=== What the task asks ===
Wherever a picture appears, leave it out, and transcribe the rest of the records exactly.

=== Data excerpts ===
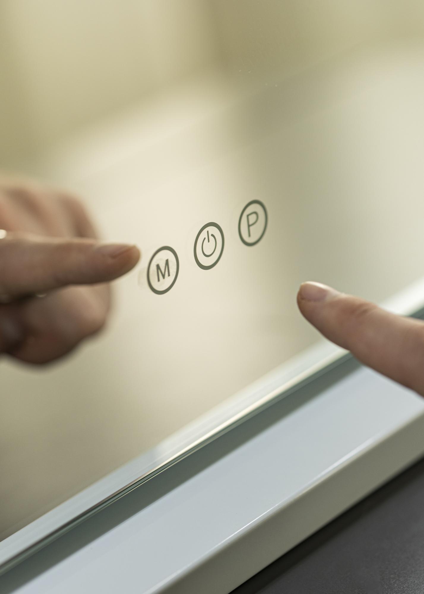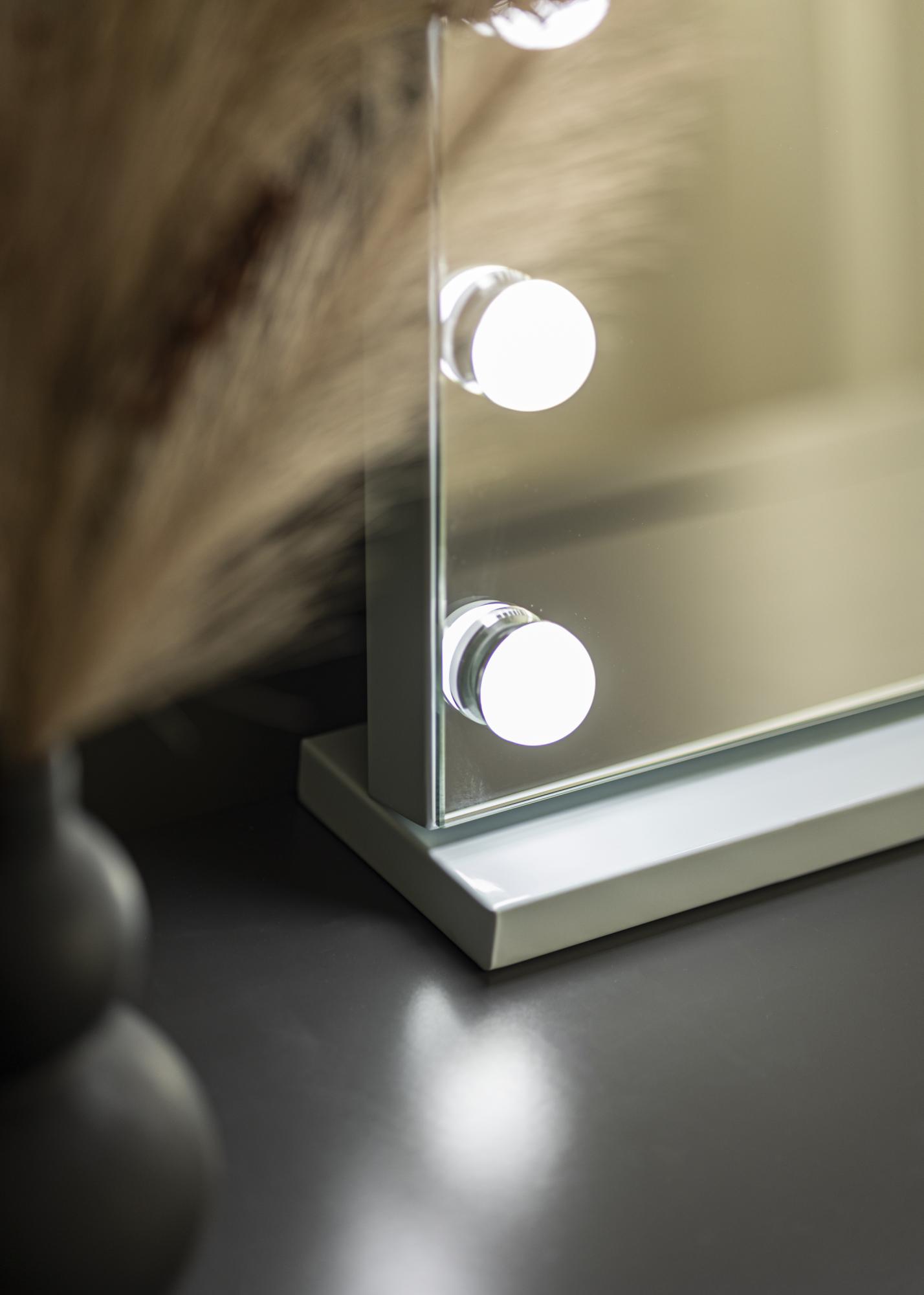 Creează un colț de machiaj luxos și funcțional cu oglinda noastră de machiaj cu lumină. Această oglindă este proiectată într-o formă dreptunghiulară elegantă și echipată cu iluminare încorporată care oferă o lumină uniformă și plăcută, perfectă pentru rutina ta zilnică de machiaj. Designul modern face ca oglinda să nu doar să îmbunătățească colțul tău de machiaj, dar să funcționeze și ca un element atractiv de decor. Poți să o așezi în camera de zi sau pe hol pentru a adăuga iluminare ambientală stilată. Iluminarea oglinzii, care constă din 15 lămpi LED cu intensitate variabilă, încadrează suprafața mare a oglinzii de 58x46 cm. Intensitatea luminii și temperatura culorii sunt reglate simplu prin butoanele tactile de pe fața oglinzii, marcate cu "P" pentru intensitatea luminii și "M" pentru temperatura culorii, ceea ce face ușor să adaptezi iluminarea în funcție de nevoile tale.
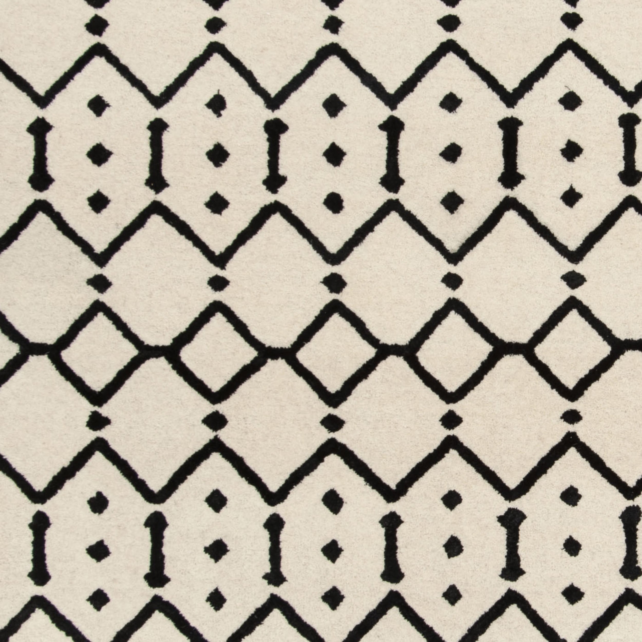 Color: Ivory/Black Size: 9′ x 12′ Hand Tufted in India Pile Height: 0.25 in. Cotton backing, rug pad (sold separately) recommended to help prevent shifting and sliding 100% Wool Stylish addition for any room Accessories in lifestyle photos not included New wool rugs shed as a natural consequence of how they are made; vacuum a new wool rug 1-2 times a week for the first few weeks using a low pressure vacuum cleaner without beater bars; vacuum in the direction of the pile, not against it; do not pull loose ends or stray loops, clip them with scissors to remove Vacuum (preferably one without beater bars) regularly and spot clean; for hard-to-remove stains, professional rug cleaning is recommended; rotating your rugs every 3-6 months will protect against uneven wear from foot traffic and furniture weight Use rug protectors under the legs of heavy furniture to avoid flattening piles Avoid direct sunlight as it will cause the colors in your area rug to fade over time; place your area rug away from direct sunlight whenever possible For an instant decorating makeover, this area rug is one of the easiest and most fashionable ways to refresh a room with character and style. Please note: The images and product dimensions on our website are as accurate as possible. Due to differences in computer monitors, some rug colors may vary slightly. Lengths and widths may vary from the published dimensions. We do our best to provide you with an exact measurement, but please be advised that some variation exists. Patterns may vary slightly according to shape and size selected. Packing and shipping of your rug may cause temporary creases; these surface waves are not imperfections or damages and will gradually recede; back-rolling or reverse rolling is the fastest and easiest way to remove creases in your area rug; allow ample time for your rug to settle, these creases and waves will normally flatten out Available in multiple color and sizes For carpet-to-carpet use, we recommend placing a hold pad in-between for protection
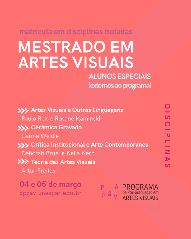 Programa de Pós-Graduação em Artes Visuais (PPGAV/UNESPAR) divulga o Edital nº 02/2026 para matrícula de alunos especiais
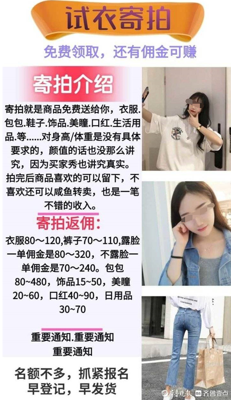 该信息显示,所谓的“试衣寄拍”就是招聘方将女式衣服、鞋子、皮包等商品以邮寄的形式寄给兼职者,之后兼职者进行试穿或试用,并将试穿或试用的照片发送给招聘方,最后招聘方向兼职者支付薪水。
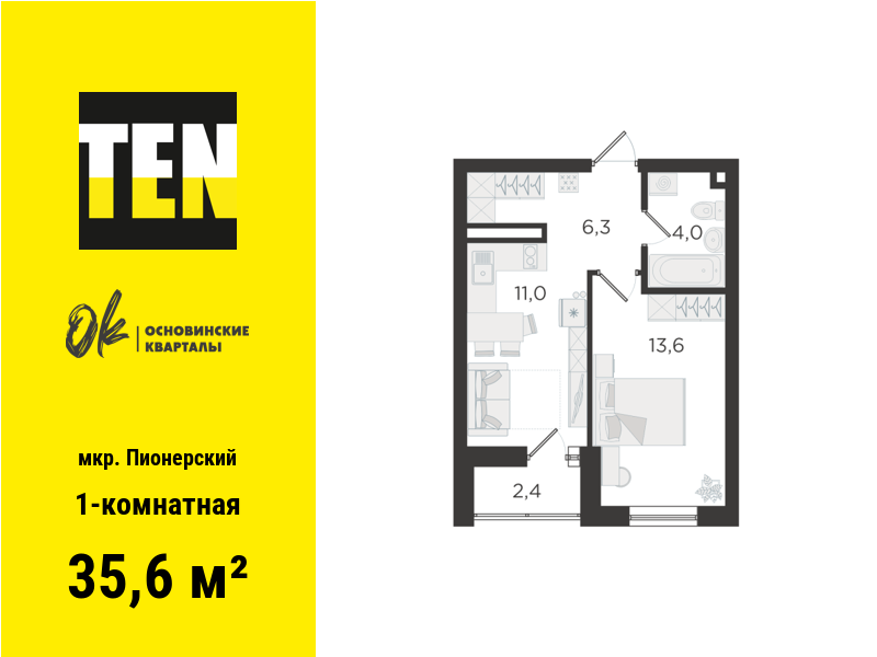 Екатеринбург, ул. Учителей, стр., 1, ЖК «Основинские кварталы» (Дом 1) - фото квартиры 7 сентября 2025 90 дн. 1 28.09 21/25 4 350 000
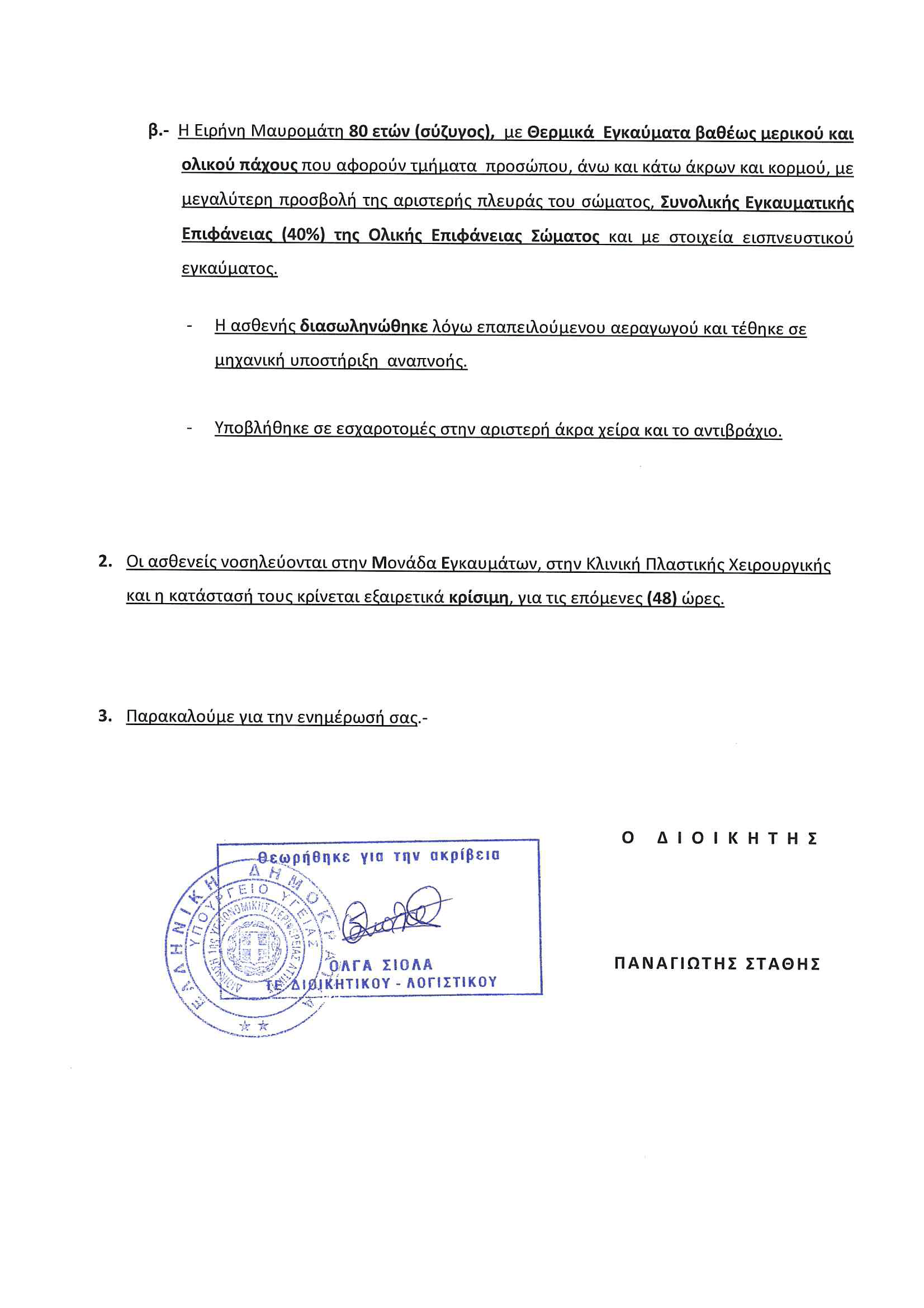 β.- Η Ειρήνη Μαυρομάτη 80 ετών (σύζυγος), με Θερμικά Εγκαύματα βαθέως μερικού και ολικού πάχους που αφορούν τμήματα προσώπου, άνω και κάτω άκρων και κορμού, με μεγαλύτερη προσβολή της αριστερής πλευράς του σώματος, Συνολικής Εγκαυματικής
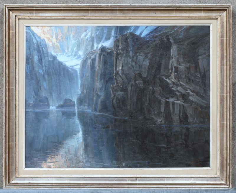 #102Jean Jacques FoulonPeriod: 1923-1980Marine, olie op doek. Getekend J J Foulon. Hij werd geboren in 1923 in Kraainem en overleed in 1980 in Brussel. J.J. Foulon genoot zijn opleiding aan de Academie voor Schone Kunsten in Brussel en was leerling van Alfred Delaunois aan de Academie van Leuven.
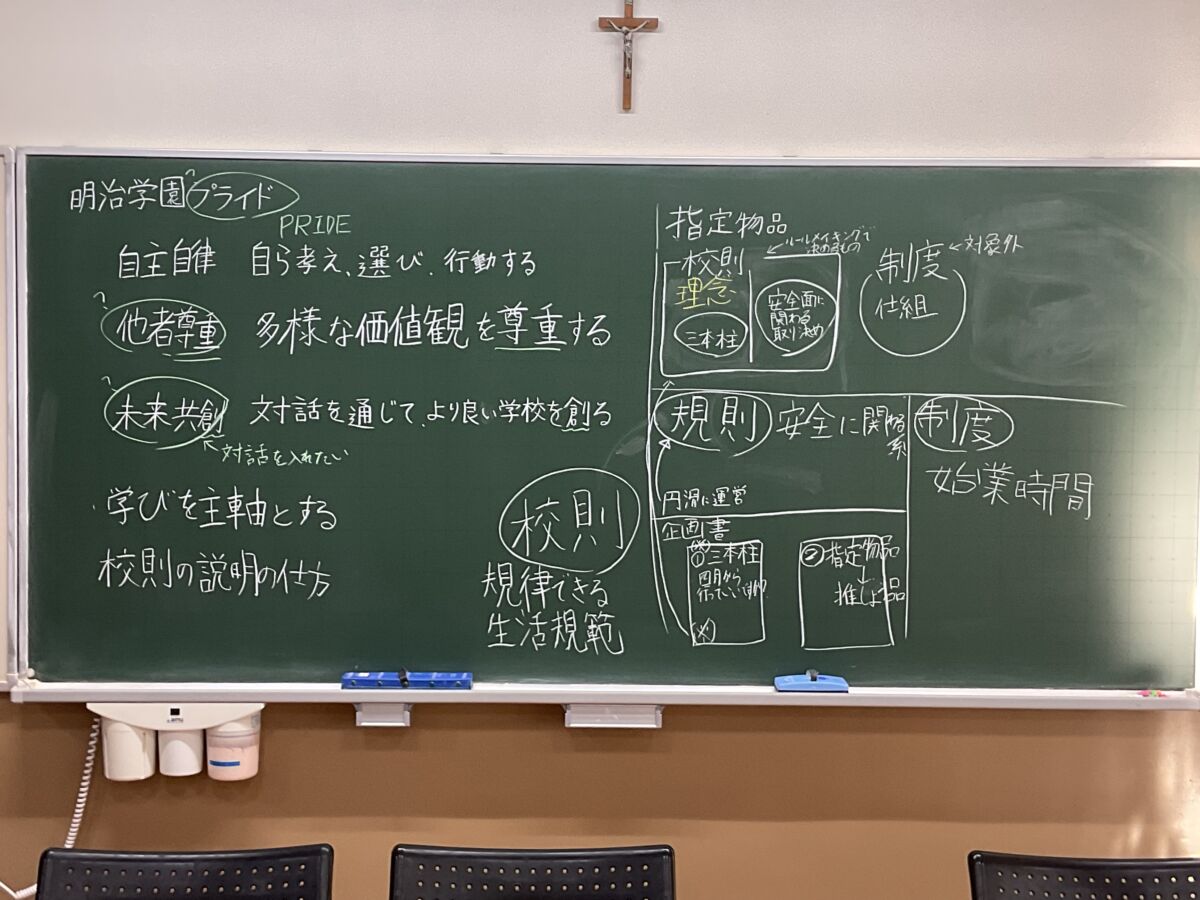 校則の理念として「明治学園プライド(PRIDE)」を掲げ、自主自律・他者尊重・未来共創の三本柱を軸に整理を進めています。単に「守る・守らせる」校則ではなく、生徒自身が考え、対話を通してよりよい学校を創っていくことを大切にします。校則・規則・制度を整理し、安全面に関わる取り決めは残しつつ、それ以外は理念をもとに毎年見直していく方針です。今後も自分たちの言葉で校則を考え続けていきます。
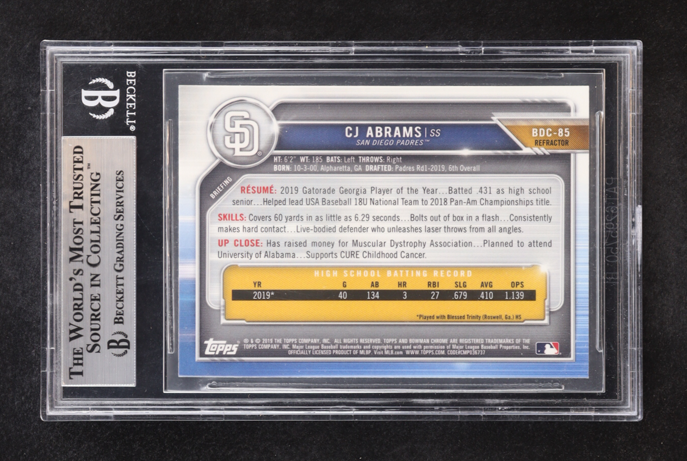 CJ Abrams Signed 2019 Bowman Chrome Draft Refractors #BDC85 (BGS)
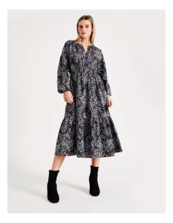 Go from day to night in a fashion-forward tiered midi dress. This dress has a flowing, tiered design with 3/4 length sleeves and an all-over print. Comfortable yet chic, this dress is a wardrobe must-have.
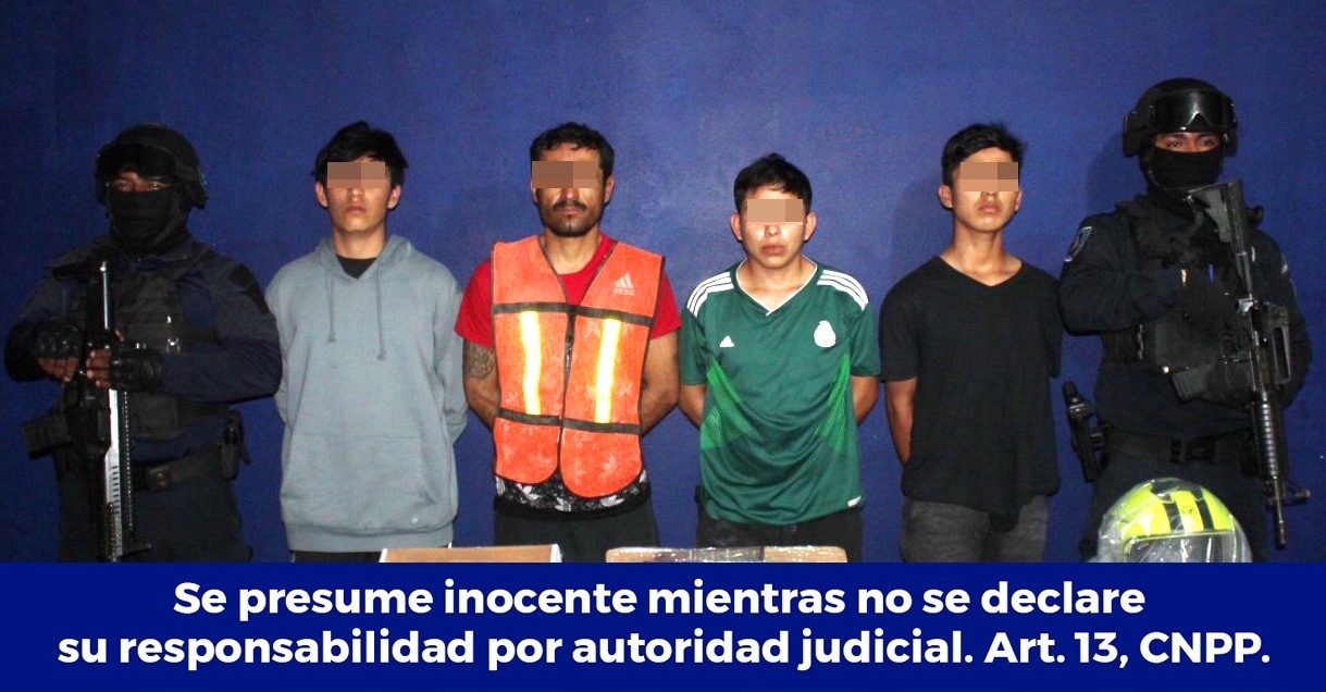 Por su probable participación en delitos contra la salud y portación de arma de fuego, fueron detenidos Juan Manuel «N», Bryan Anthoni «N», Carlos Alberto «N» y Pedro Antonio «N», en las inmediaciones de la Supermanzana 250 de Cancún.

=== Finished task ===
 Creează un colț de machiaj luxos și funcțional cu oglinda noastră de machiaj cu lumină. Această oglindă este proiectată într-o formă dreptunghiulară elegantă și echipată cu iluminare încorporată care oferă o lumină uniformă și plăcută, perfectă pentru rutina ta zilnică de machiaj. Designul modern face ca oglinda să nu doar să îmbunătățească colțul tău de machiaj, dar să funcționeze și ca un element atractiv de decor. Poți să o așezi în camera de zi sau pe hol pentru a adăuga iluminare ambientală stilată. Iluminarea oglinzii, care constă din 15 lămpi LED cu intensitate variabilă, încadrează suprafața mare a oglinzii de 58x46 cm. Intensitatea luminii și temperatura culorii sunt reglate simplu prin butoanele tactile de pe fața oglinzii, marcate cu "P" pentru intensitatea luminii și "M" pentru temperatura culorii, ceea ce face ușor să adaptezi iluminarea în funcție de nevoile tale.
 Color: Ivory/Black Size: 9′ x 12′ Hand Tufted in India Pile Height: 0.25 in. Cotton backing, rug pad (sold separately) recommended to help prevent shifting and sliding 100% Wool Stylish addition for any room Accessories in lifestyle photos not included New wool rugs shed as a natural consequence of how they are made; vacuum a new wool rug 1-2 times a week for the first few weeks using a low pressure vacuum cleaner without beater bars; vacuum in the direction of the pile, not against it; do not pull loose ends or stray loops, clip them with scissors to remove Vacuum (preferably one without beater bars) regularly and spot clean; for hard-to-remove stains, professional rug cleaning is recommended; rotating your rugs every 3-6 months will protect against uneven wear from foot traffic and furniture weight Use rug protectors under the legs of heavy furniture to avoid flattening piles Avoid direct sunlight as it will cause the colors in your area rug to fade over time; place your area rug away from direct sunlight whenever possible For an instant decorating makeover, this area rug is one of the easiest and most fashionable ways to refresh a room with character and style. Please note: The images and product dimensions on our website are as accurate as possible. Due to differences in computer monitors, some rug colors may vary slightly. Lengths and widths may vary from the published dimensions. We do our best to provide you with an exact measurement, but please be advised that some variation exists. Patterns may vary slightly according to shape and size selected. Packing and shipping of your rug may cause temporary creases; these surface waves are not imperfections or damages and will gradually recede; back-rolling or reverse rolling is the fastest and easiest way to remove creases in your area rug; allow ample time for your rug to settle, these creases and waves will normally flatten out Available in multiple color and sizes For carpet-to-carpet use, we recommend placing a hold pad in-between for protection
 Programa de Pós-Graduação em Artes Visuais (PPGAV/UNESPAR) divulga o Edital nº 02/2026 para matrícula de alunos especiais
 该信息显示,所谓的“试衣寄拍”就是招聘方将女式衣服、鞋子、皮包等商品以邮寄的形式寄给兼职者,之后兼职者进行试穿或试用,并将试穿或试用的照片发送给招聘方,最后招聘方向兼职者支付薪水。
 Екатеринбург, ул. Учителей, стр., 1, ЖК «Основинские кварталы» (Дом 1) - фото квартиры 7 сентября 2025 90 дн. 1 28.09 21/25 4 350 000
 β.- Η Ειρήνη Μαυρομάτη 80 ετών (σύζυγος), με Θερμικά Εγκαύματα βαθέως μερικού και ολικού πάχους που αφορούν τμήματα προσώπου, άνω και κάτω άκρων και κορμού, με μεγαλύτερη προσβολή της αριστερής πλευράς του σώματος, Συνολικής Εγκαυματικής
 #102Jean Jacques FoulonPeriod: 1923-1980Marine, olie op doek. Getekend J J Foulon. Hij werd geboren in 1923 in Kraainem en overleed in 1980 in Brussel. J.J. Foulon genoot zijn opleiding aan de Academie voor Schone Kunsten in Brussel en was leerling van Alfred Delaunois aan de Academie van Leuven.
 校則の理念として「明治学園プライド(PRIDE)」を掲げ、自主自律・他者尊重・未来共創の三本柱を軸に整理を進めています。単に「守る・守らせる」校則ではなく、生徒自身が考え、対話を通してよりよい学校を創っていくことを大切にします。校則・規則・制度を整理し、安全面に関わる取り決めは残しつつ、それ以外は理念をもとに毎年見直していく方針です。今後も自分たちの言葉で校則を考え続けていきます。
 CJ Abrams Signed 2019 Bowman Chrome Draft Refractors #BDC85 (BGS)
 Go from day to night in a fashion-forward tiered midi dress. This dress has a flowing, tiered design with 3/4 length sleeves and an all-over print. Comfortable yet chic, this dress is a wardrobe must-have.
 Por su probable participación en delitos contra la salud y portación de arma de fuego, fueron detenidos Juan Manuel «N», Bryan Anthoni «N», Carlos Alberto «N» y Pedro Antonio «N», en las inmediaciones de la Supermanzana 250 de Cancún.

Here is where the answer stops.